My engineering studies’ physics teacher would lynch me for not putting a label on the y-axis. I’ll plead not guilty since this very much depends on what we’re talking about. The x-axis is still what you’re aiming for. Whether in life, for your business, as objectives you’ve set for your teams, and more.
Here comes another bias
We’re all humans, you know. It’s fine if you realize you failed too, in the below.
I’ll appeal to some basic maths from high school. On the diagram below, is the red arrow longer or shorter than the orange one?

You know the funniest part of it? The red arrow is longer than the black one. And I haven’t even tried to set my purple, blue, and green circles here.
In whichever scenario we’ve listed before, have you ever tried this (sometimes heavy) mental exercise of realizing that the outcome you obtained was much greater than what you aimed for, even though your success criteria told you the opposite? From here, is the outcome wrong, or is the objective wrong?
I’ll share a shameful secret with you. At first, when I started drawing the diagram, the one-dimensional version, I thought of expressing effort or output, rather than outcome. Actually, in my mind, it’s not even relevant: you’ve reached a better outcome with less output? Good for you! I might even be jealous.
Thinking in 3D
Well, I’m sorry, as much as I’m sure you appreciate my amazing design skills, Keynote as a drawing tool shows some limitations, and I won’t make a 3D graph. Yet you get the point. Actually, just to make sure you get it: adding a dimension is not about going incremental in possibilities. It’s about going exponential.
Beyond
Now, imagine the number of parameters that should be taken into consideration if you had to write an equation out of the paradigm you’re in, to reach a specific outcome?

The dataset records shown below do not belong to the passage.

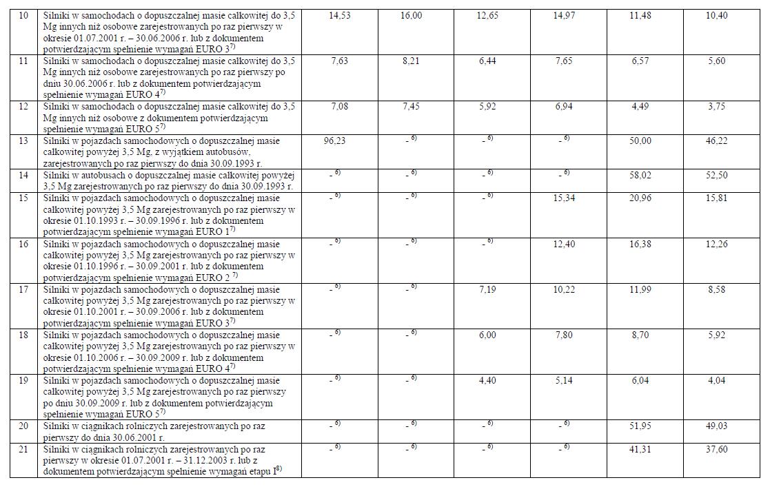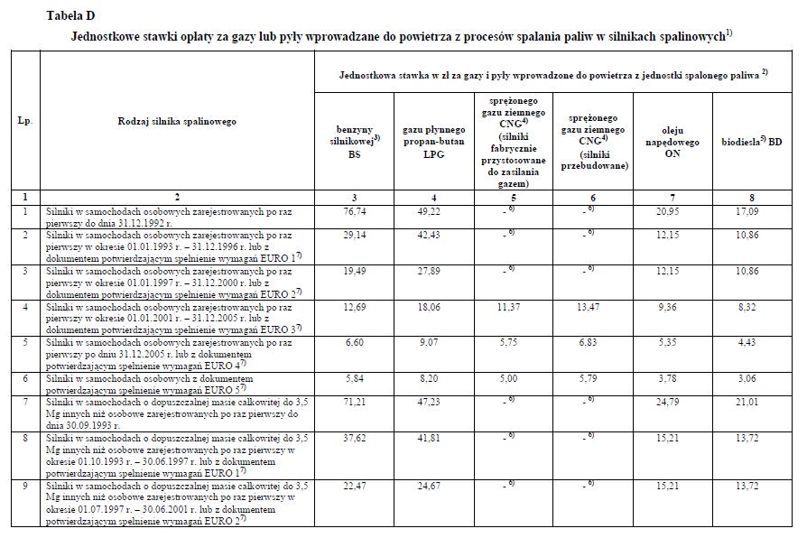 Poniżej przedstawiono pełną tabelę ze stawkami opłat dla tabeli D, przy czym dla samochodów osobowych stosowane będą zapisy pozycji 1-6 tabeli D, stosowane odpowiednio do spełnianych norm emisji spalin. Stawki dotyczą kolejno – benzyny silnikowej, gazu płynnego propanu-butanu, sprzężonego gazu ziemnego (silniki fabrycznie przystosowane), sprzężony gaz ziemny (silniki przebudowane), oleju napędowego i biodiesla.
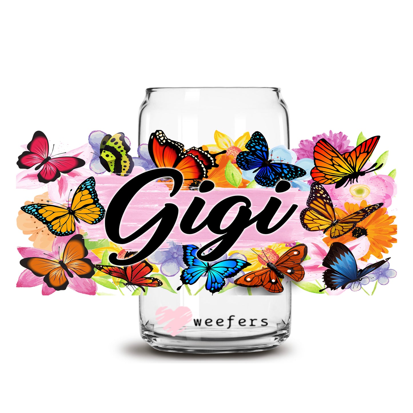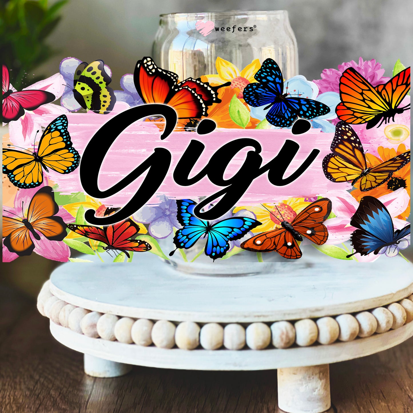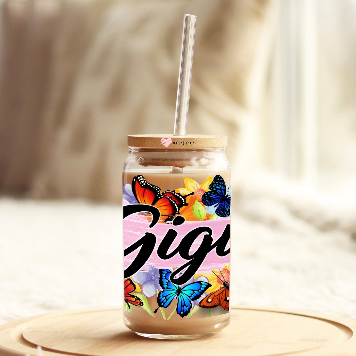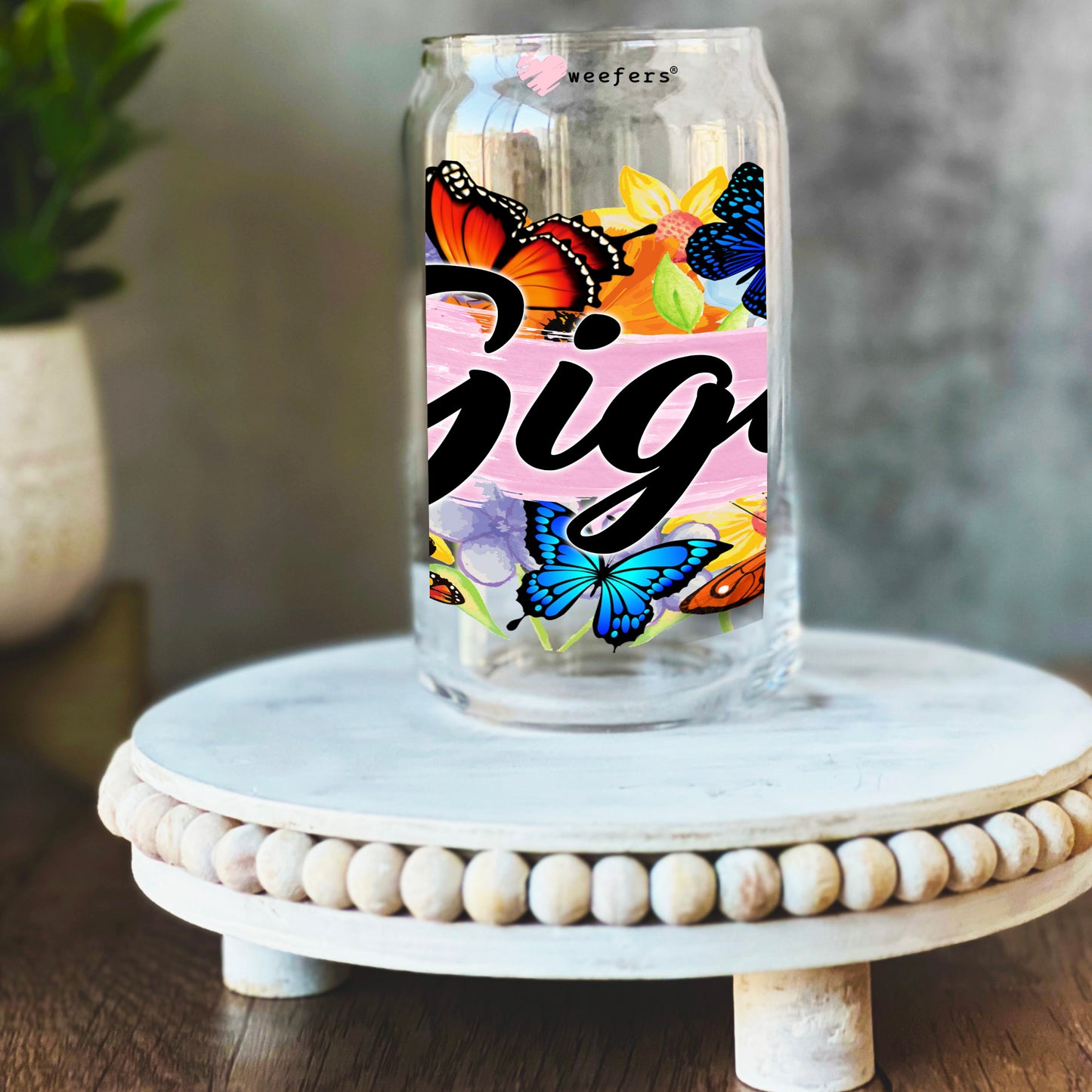 Gigi Colorful Butterflies 16oz Libbey Glass Can UV DTF or Sublimation Wrap Decal Transfer
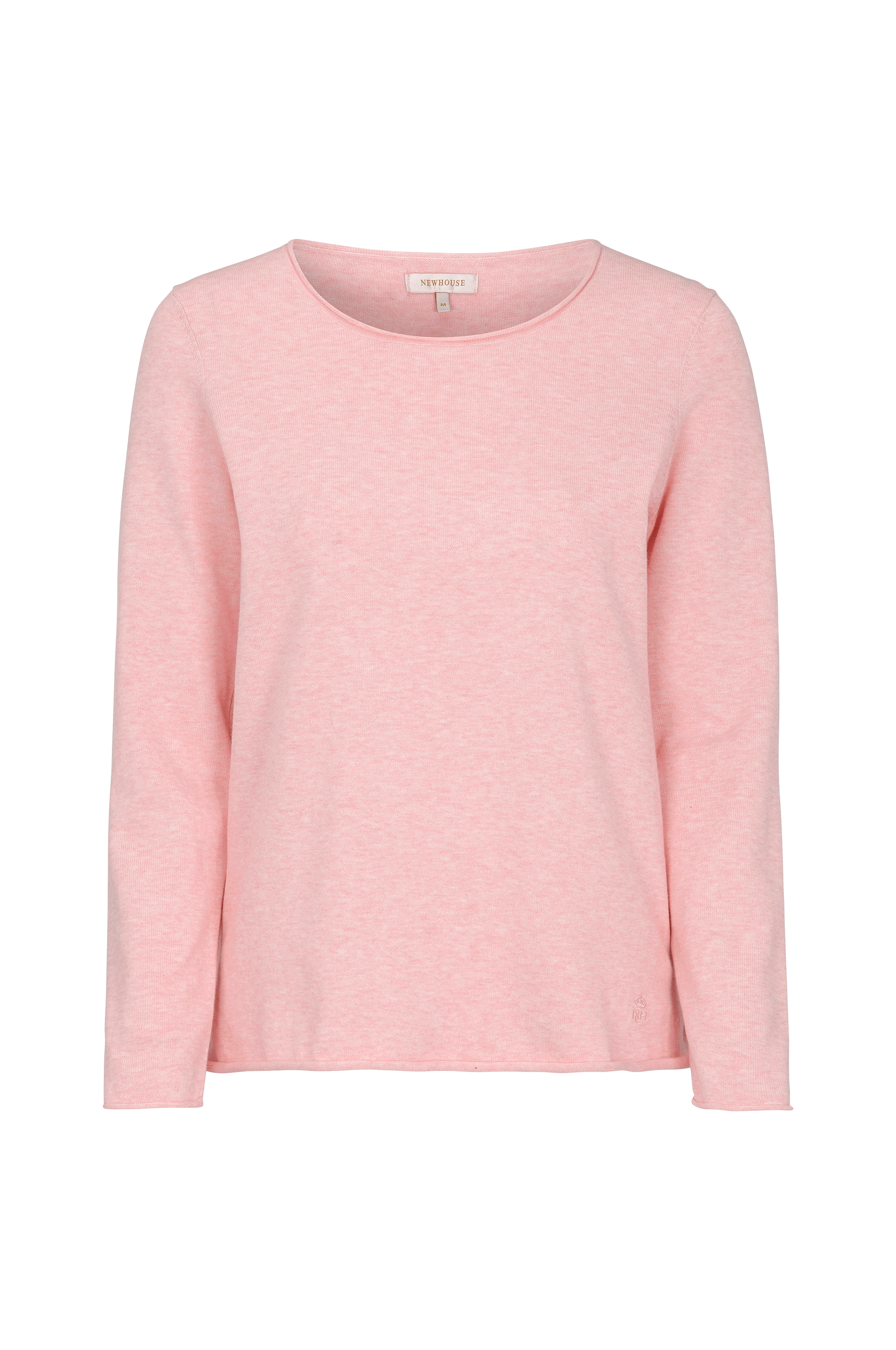 Finstrikket sweater med rund hals, fine rullekanter og diskret broderet logo i tone-i-tone nederst.
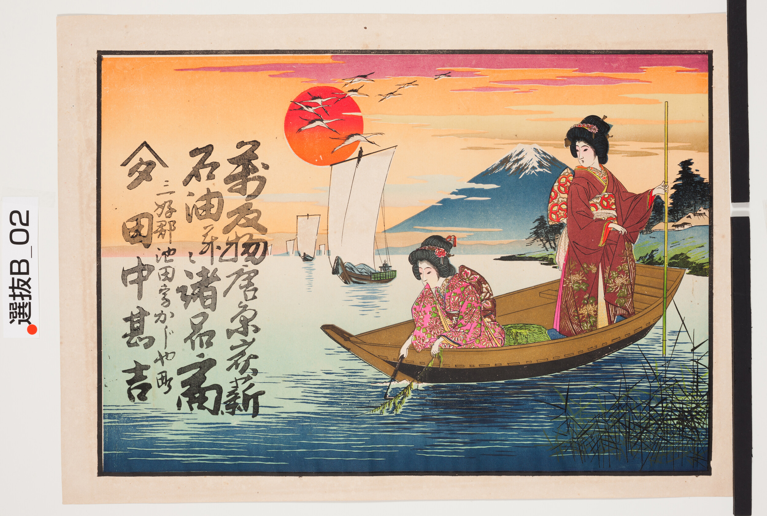 引札絵柄:船上の美女 鶴 商店場所:麻植郡舩戸 商店名称:岡田楼 商売内容:酒類 御料理 御宿
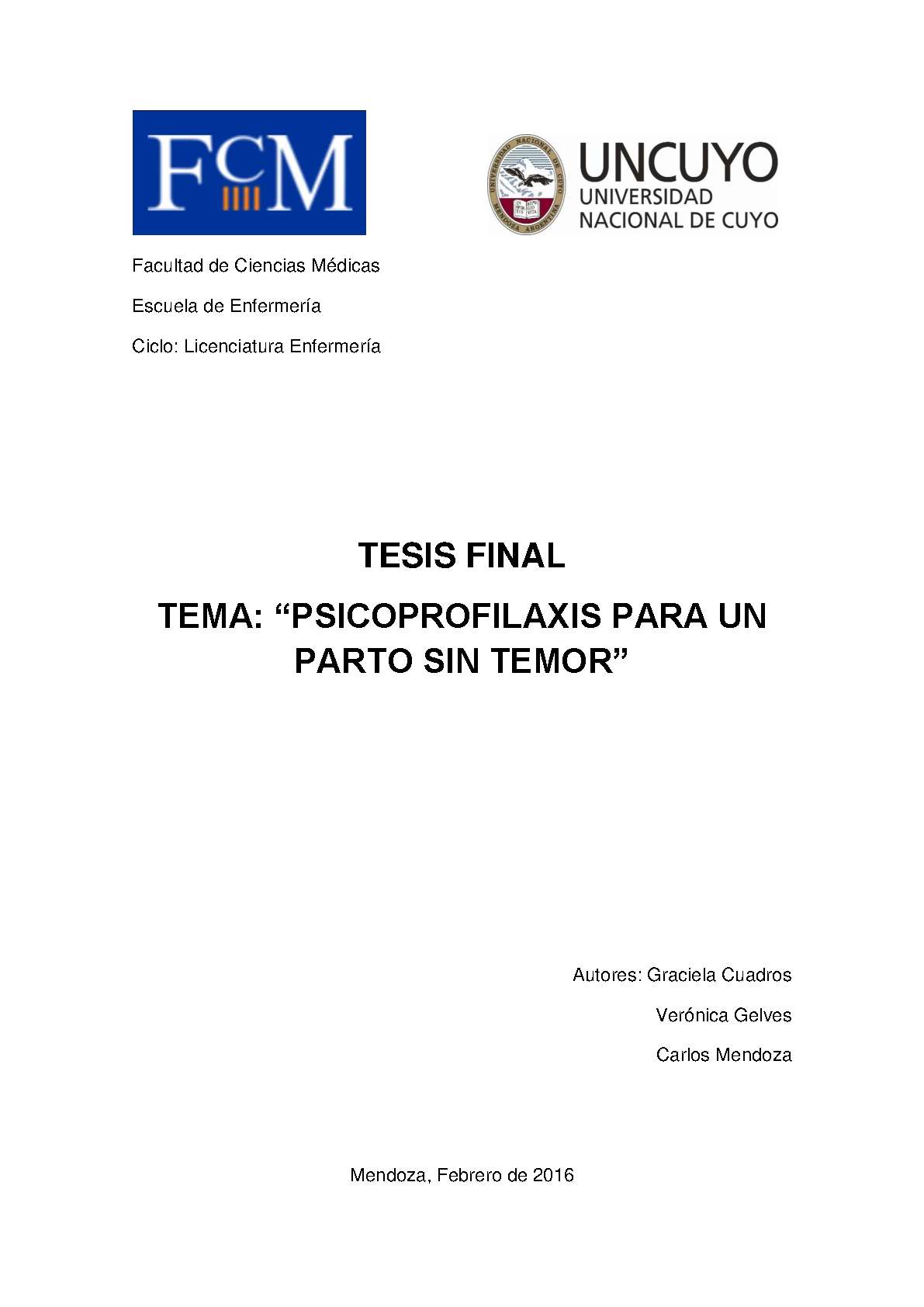 Cuadros, Graciela; Gelvez, Verónica; Mendoza, Carlos. (2016). Psicoprofilaxis para un parto sin temor: (Tesina de grado). Mendoza, Universidad Nacional de Cuyo. Facultad de Ciencias Médicas. Escuela de Enfermería..

It is a terribly complicated job. We all do it, each and every day of our lives. Consciously or not. And there are countless parameters we just don’t have control over. And so it goes for our relatives and the people we work with.
What you have control over is your ability to measure the actual outcome, and plan, or empower people to plan, the next steps.
A few years ago, my wife put the magnet below on our fridge. At first, it felt naรฏve, trivial. I almost had the impression that a random LinkedIn post from my feed landed there. And I sincerely hope you don’t stop at that.
This is a message to all who deceive themselves*, while sometimes, a little tilt in perspective may unveil a hidden gem, an amazing achievement, and a next step.

* “deceiving yourself” also happens when you expect something out of someone, and that their outcome is much higher than you expected, even though your hopes are misplaced.